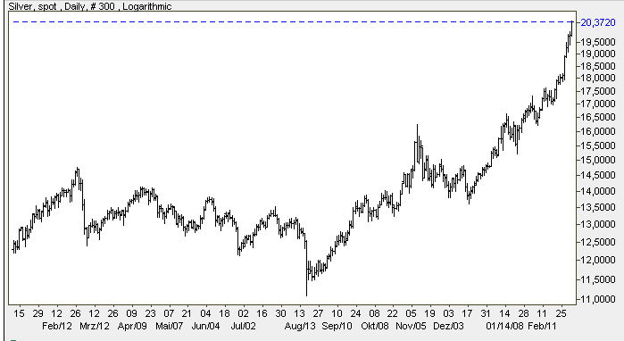 Christian, noting the price of silver touched US$19.80 in New York on Friday, predicted the price will rise above 1980's annual average price of $21 - $22 per ounce. The price did spike as high as $48 on an intraday basis in London and New York in January 1980, but fell quickly and averaged around $38 for the full month of January that year. On an inflation adjusted basis, the daily high price would be about $96 today."
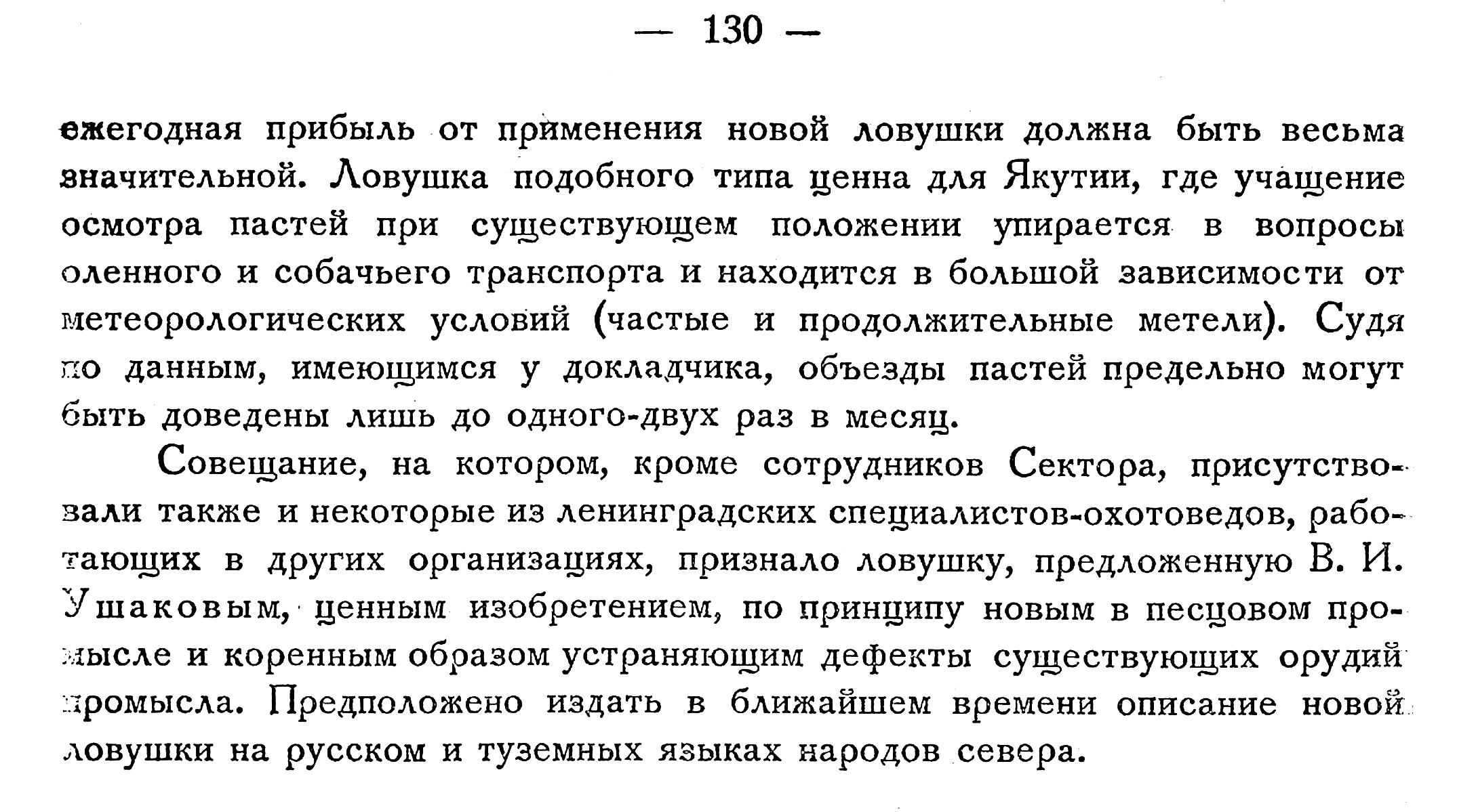 Совещание, на котором, кроме сотрудников Сектора, присутствовали также и некоторые из ленинградских специалистов-охотоведов, работающих в других организациях, признало ловушку, предложенную В. И. Ушаковым, ценным изобретением, по принципу новым в песцовом промысле и коренным образом устраняющим дефекты существующих орудий промысла. Предположено издать в ближайшем времени описание новой ловушки на русском и туземных языках народов севера.
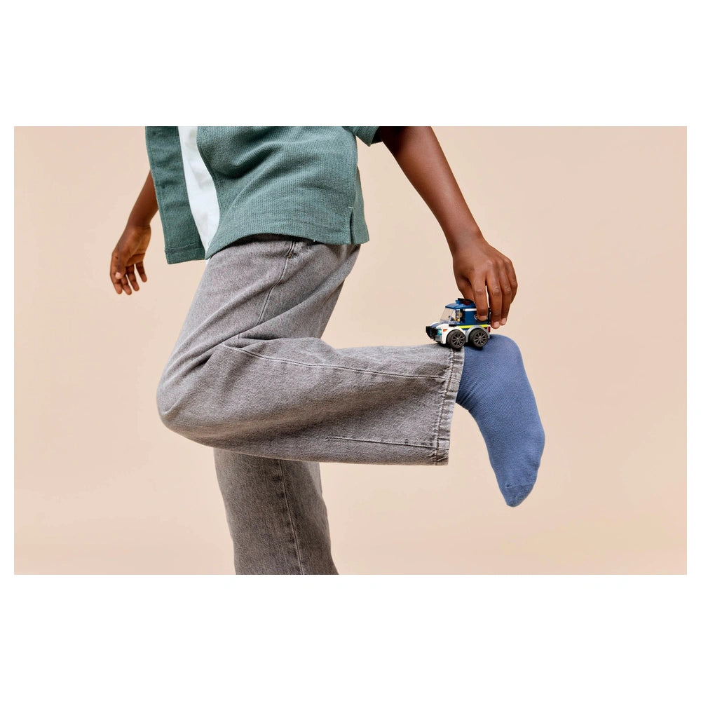 LEGO - City Rides Politie Truck - Bouwset Speelgoed Maak kennis met de LEGO® City Rides – Politie Truck (60481), een spannende bouwset ontworpen om de verbeelding van jonge bouwers van 5 jaar en ouder te prikkelen. Dit boeiende speelgoed biedt een unieke kans voor kinderen om in de opwindende wereld van LEGO City te duiken, waar ze hun eigen actievolle politie-avonturen kunnen creëren. Met zijn compacte formaat en levendige ontwerp is deze politie truck niet zomaar een speelgoed; het is een toegangspoort tot eindeloze uren creatief spel. De LEGO City Rides – Politie Truck set bevat een zorgvuldig ontworpen mini politie truck die alle essentiële elementen voor een realistische ervaring omvat. Van de coole velgen en lage rubberen banden tot de duwbumper, gevangenisroosters en speelgoed nooddienstenlichten, elk detail is vervaardigd om het vertellen van fantasieverhalen te verbeteren. De set wordt ook geleverd met een junior politieagent minifiguur, perfect van formaat om in de bestuurderscabine te passen, waardoor het voor kinderen gemakkelijk is om op spannende missies te gaan om de slechteriken te vangen. Het bouwen van deze politie truck is een fluitje van een cent, dankzij het eenvoudige assemblageproces. De set bevat 71 onderdelen, waardoor jonge bouwers hun fijne motoriek kunnen ontwikkelen terwijl ze genieten van praktisch spel. De LEGO Builder app verrijkt de bouwervaring verder door intuïtieve 3D-instructies te bieden waarmee kinderen kunnen inzoomen, draaien en hun voortgang kunnen volgen terwijl ze hun nieuwe speelgoed bouwen. Deze innovatieve aanpak maakt het bouwen niet alleen leuk, maar bevordert ook het zelfvertrouwen en de onafhankelijkheid van jonge creatievelingen. De LEGO City Rides – Politie Truck is een ideaal cadeau voor verjaardagen, feestdagen of gewoon zomaar. Het compacte formaat maakt het een perfect speelgoed om mee te nemen, zodat het plezier overal kan doorgaan waar kinderen gaan. Of ze nu thuis spelen of onderweg zijn, deze politie truck is ontworpen om boeiende speelervaringen te bieden die creativiteit en probleemoplossende vaardigheden stimuleren. Als onderdeel van de LEGO City Rides collectie kan deze politie truck gemakkelijk worden gecombineerd met andere LEGO City sets (apart verkocht) om de avonturen nog verder uit te breiden. Kinderen kunnen een bruisende stadsomgeving creëren, compleet met politieachtervolgingen en reddingsmissies, waardoor hun speeltijd wordt verrijkt met nieuwe scenario's en personages. Deze veelzijdigheid maakt de LEGO City Rides – Politie Truck niet alleen een speelgoed, maar een waardevolle aanvulling op elke LEGO-collectie. Mis de kans niet om de verbeelding en creativiteit van uw kind te inspireren met de LEGO® City Rides – Politie Truck (60481). Bestel nu en kijk hoe ze op spannende avonturen gaan, hun eigen verhalen bouwen en essentiële vaardigheden ontwikkelen onderweg. Dit is meer dan alleen een speelgoed; het is een uitnodiging om te verkennen, creëren en spelen!
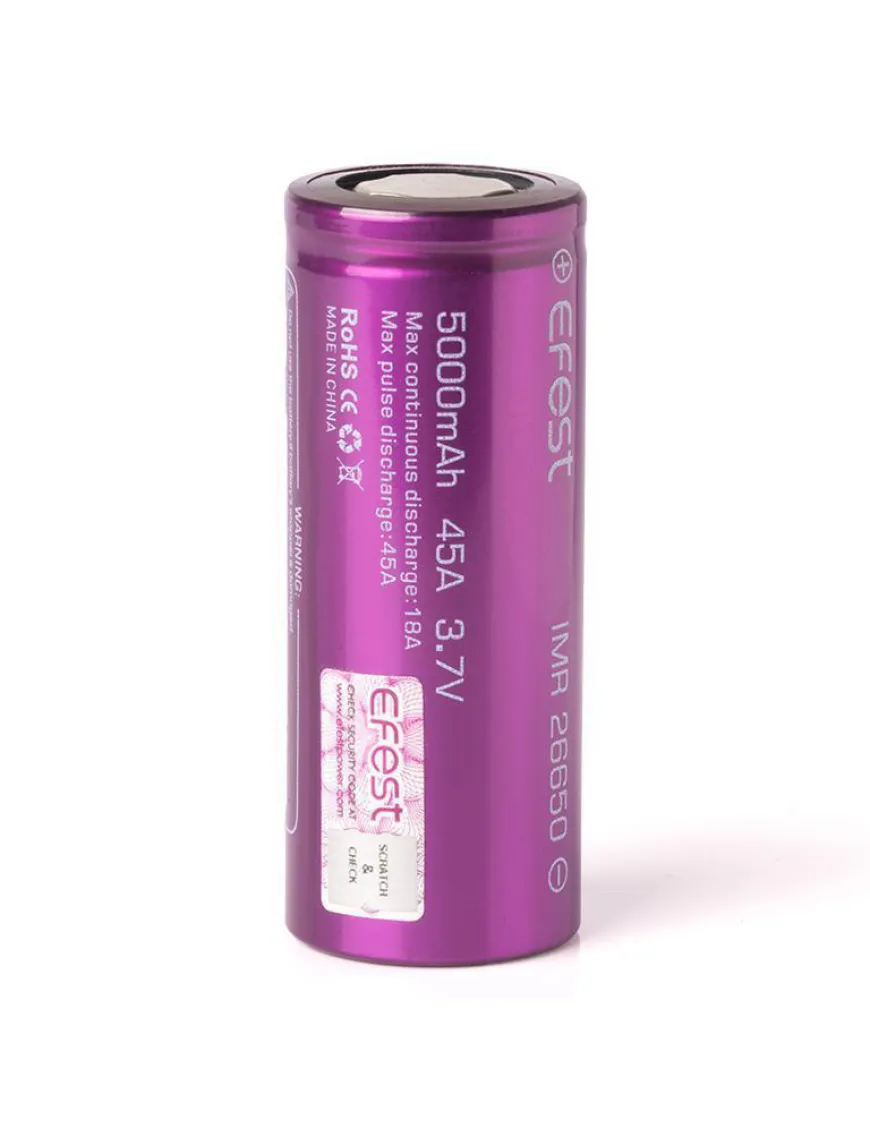 Efest IMR 26650 5000 mAh (45A) - високострумовий акумулятор, що поєднує в собі високий рівень струмовіддачі 45А з високою ємністю 5000 мАг.
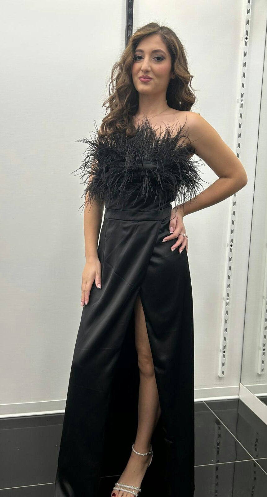 L' ABITO E' REALIZZATO IN RASO, PRESENTA UN CORPETTO SENZA SPALLI NE CON UN'APPLICAZIONE DI PIUME. LA SILHOUETTE E' ADERENTE,CON UNA GONNA LUNGA CHE PRESENTA UNO SPACCO LATERALE.
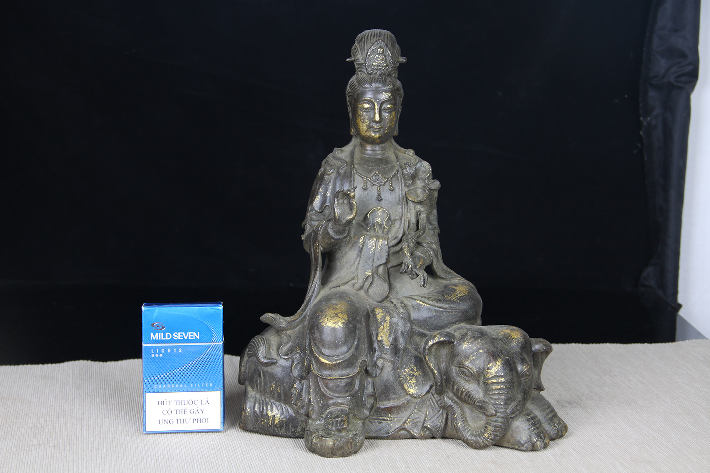 日本佛像 铜鎏金佛像,一手持宝瓶,一手持灵草,盘坐莲花盘,年份久,包浆皮壳漂亮。
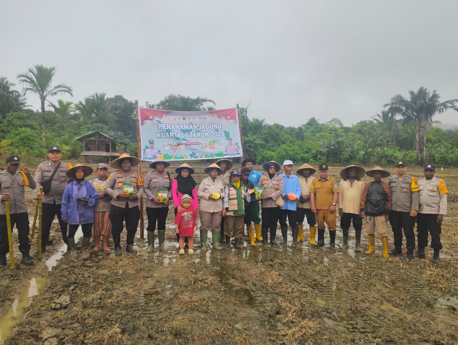 Papua – Dalam upaya mendukung program ketahanan pangan nasional, Polres Jayapura bersama Polsek Nimboran dan Kelompok Karya Tani melaksanakan kegiatan penanaman jagung Kuartal I Tahun 2026 di Kampung Karya Bumi, Distrik Namblong, Kabupaten Jayapura, Senin (09/03/2026).
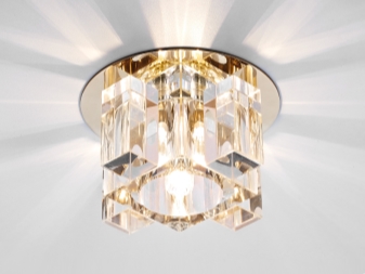 تعتبر النماذج العلوية ، التي يمكن تصنيعها من مواد غير عادية ، ذات أهمية خاصة. هناك نماذج من الكريستال وحتى الجص. إذا كانت المصابيح ذات الكريستال متجذرة إلى حد ما ، فإن خيارات الجبس نادرًا ما تستخدم بسبب حقيقة أن الجبس مادة غير عملية للغاية..
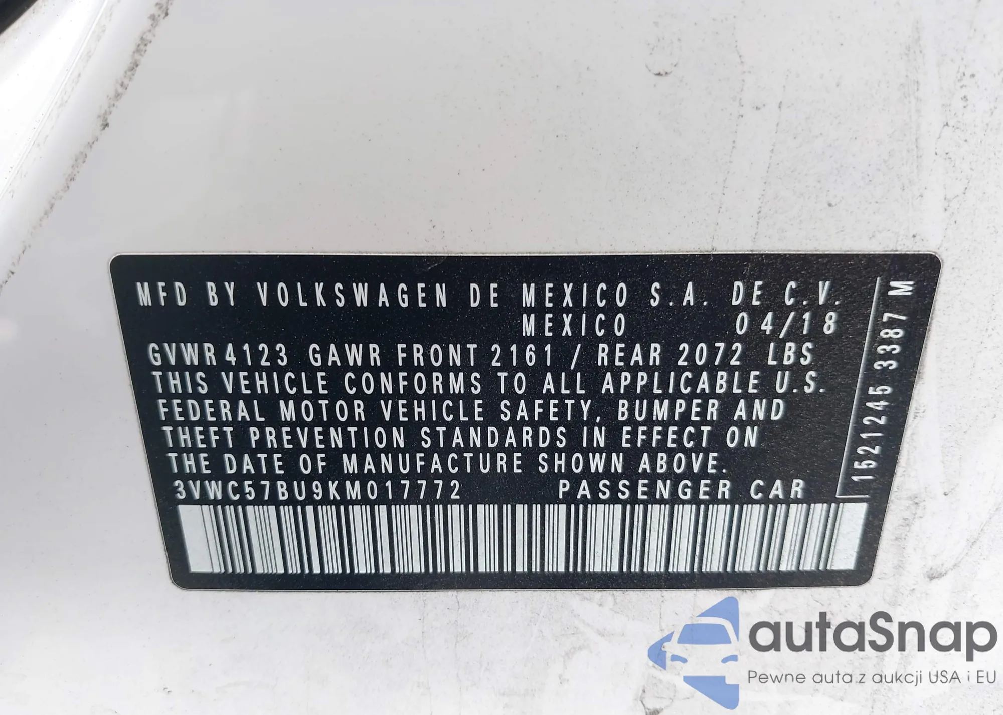 VIN: 3VWC57BU9KM017772

= PROBLEM =
Would you copy the lines above exactly, starting with the one that has "Efest IMR 26650" and ending with the one that has "Papua – Dalam", both included, without the pictures?

= COMPLETED TASK =
 Efest IMR 26650 5000 mAh (45A) - високострумовий акумулятор, що поєднує в собі високий рівень струмовіддачі 45А з високою ємністю 5000 мАг.
 L' ABITO E' REALIZZATO IN RASO, PRESENTA UN CORPETTO SENZA SPALLI NE CON UN'APPLICAZIONE DI PIUME. LA SILHOUETTE E' ADERENTE,CON UNA GONNA LUNGA CHE PRESENTA UNO SPACCO LATERALE.
 日本佛像 铜鎏金佛像,一手持宝瓶,一手持灵草,盘坐莲花盘,年份久,包浆皮壳漂亮。
 Papua – Dalam upaya mendukung program ketahanan pangan nasional, Polres Jayapura bersama Polsek Nimboran dan Kelompok Karya Tani melaksanakan kegiatan penanaman jagung Kuartal I Tahun 2026 di Kampung Karya Bumi, Distrik Namblong, Kabupaten Jayapura, Senin (09/03/2026).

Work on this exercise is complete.